Query 2 returns 3 rows.
Query 3 returns 3 rows.

Worst Case
Query 1 returns 1 row.
Query 2 returns 3 rows.
Query 3 returns 22 rows.

Does this answers your question, or do you need more information?

Lydia_Pintscher renamed this task from Ex:WikibaseQualityExternalValidation - performance review of Special:CrossCheck to [Task] Ex:WikibaseQualityExternalValidation - performance review of Special:CrossCheck.Aug 17 2015, 4:05 PM
Lydia_Pintscher set Security to None.

@aaron Any update on this? This looks like it is the last remaining blocker for deploying the extension.

The JOIN for query #2 does not seem to have an index. wbqev_identifier_properties has:

PRIMARY KEY (identifier_pid, dump_id)

...but nothing like (dump_id). Is the wbqev_identifier_properties table going to pruned of older dumps or will it just keep growing?

Query #3 would require a few clever index dives to run well. I'm not sure how smart MariaDB is here.
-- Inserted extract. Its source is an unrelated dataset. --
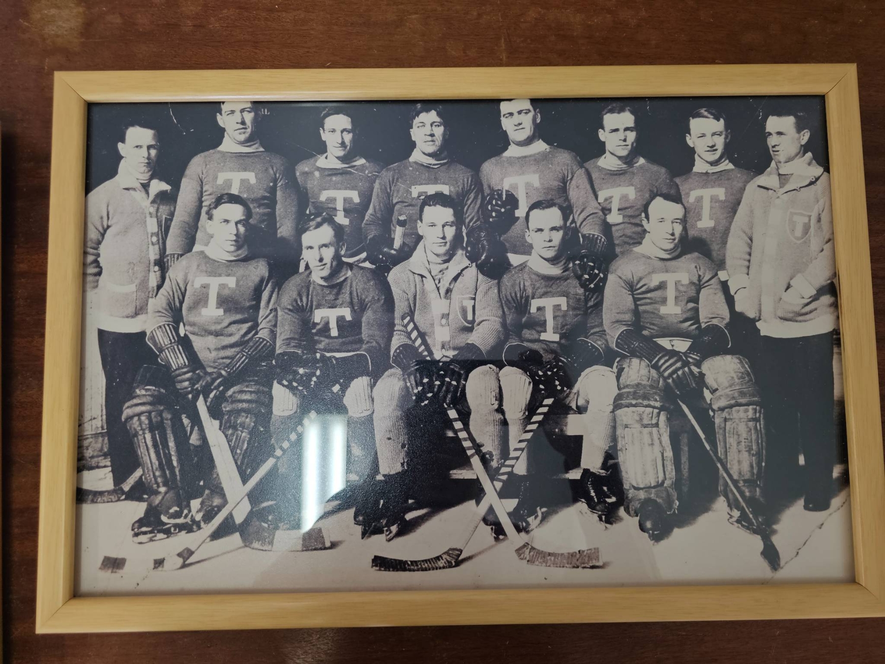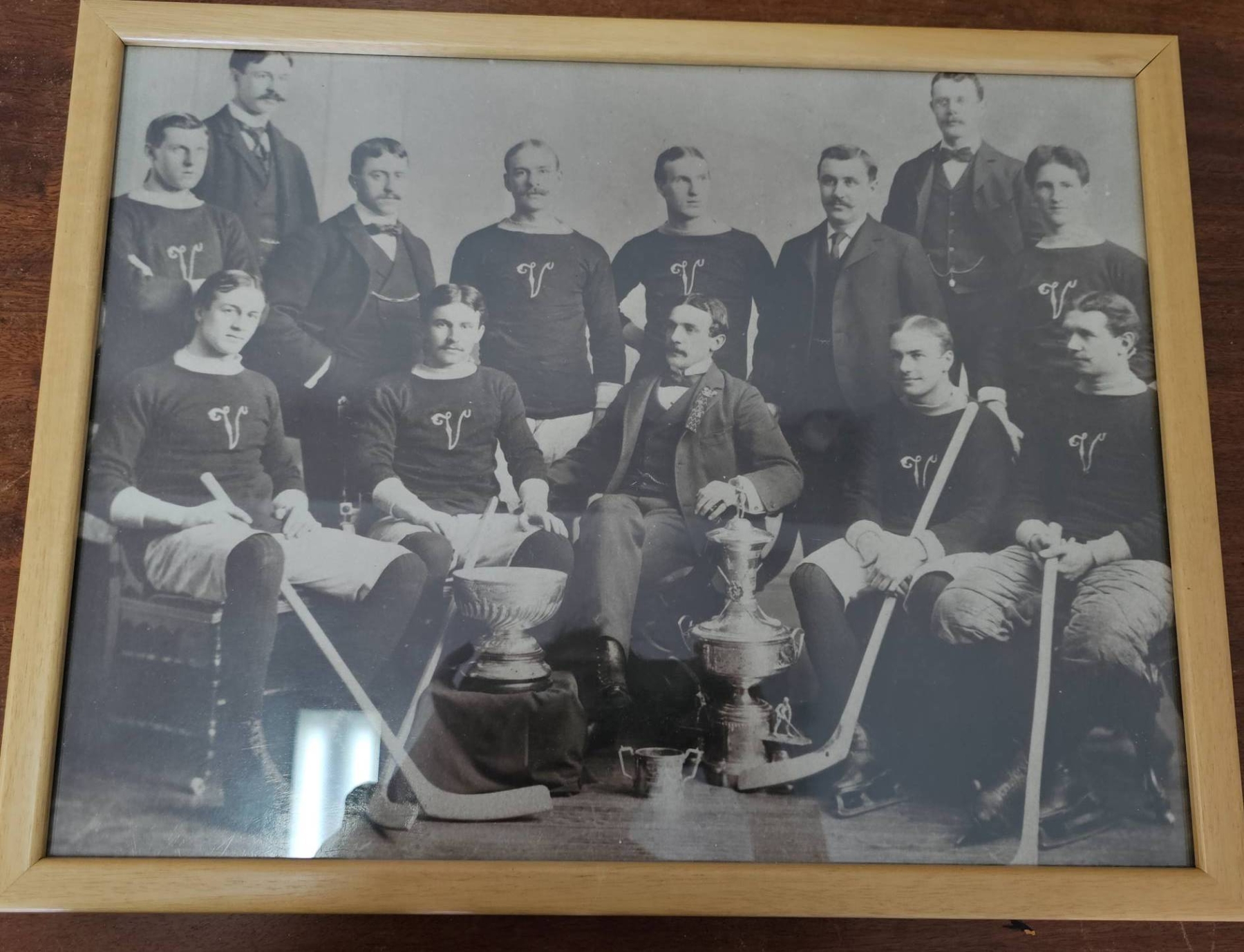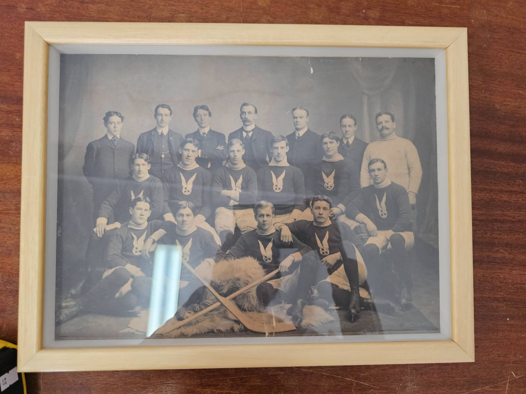 Framed and unframed vintage hockey team photographs. Includes multiple prints depicting teams posed with equipment and trophies. Frames appear to be wooden and photographs are black and white. Some items show wear consistent with age. This lot may hold historical significance for sports or hockey enthusiasts.

Has anyone tried "EXPLAIN format=json" with a good dataset (doesn't have to be full size, but a few 100k items). My fear would be having just the (dump_id) index part used and scanning happening for the other two IN()s. On the revision table, two IN()s work fine:

EXPLAIN EXTENDED SELECT * FROM revision FORCE INDEX(rev_page_id) WHERE rev_page IN (5043734,3535,6234) AND rev_id IN (343535,23255,33626);
stdClass Object
    [id] => 1
    [select_type] => SIMPLE
    [table] => revision
    [type] => range
    [possible_keys] => rev_page_id
    [key] => rev_page_id
    [key_len] => 8
    [ref] => 
    [rows] => 9
    [filtered] => 100.00
    [Extra] => Using index condition

For wbqev_external_data, the only index with pid has it as the third part of the index.

CREATE INDEX /*i*/dump_id_external_id_pid ON /*_*/wbqev_external_data (dump_id, external_id, pid); mariadb will need to handle 3 levels of IN nesting to avoid scanning extra rows. It may work just fine, though it would be nice to know for sure.

I'm having trouble finding documentation about wbqev_external_data. The PK is just an opaque rowid field. How many rows might there be for any given (dump_id, external_id, pid) combination? What decides that number?

aaron removed aaron as the assignee of this task.Dec 17 2015, 9:09 PM
aaron changed the task status from Open to Stalled.Dec 17 2015, 9:10 PM

Was this deployed already? Perhaps this can just be closed.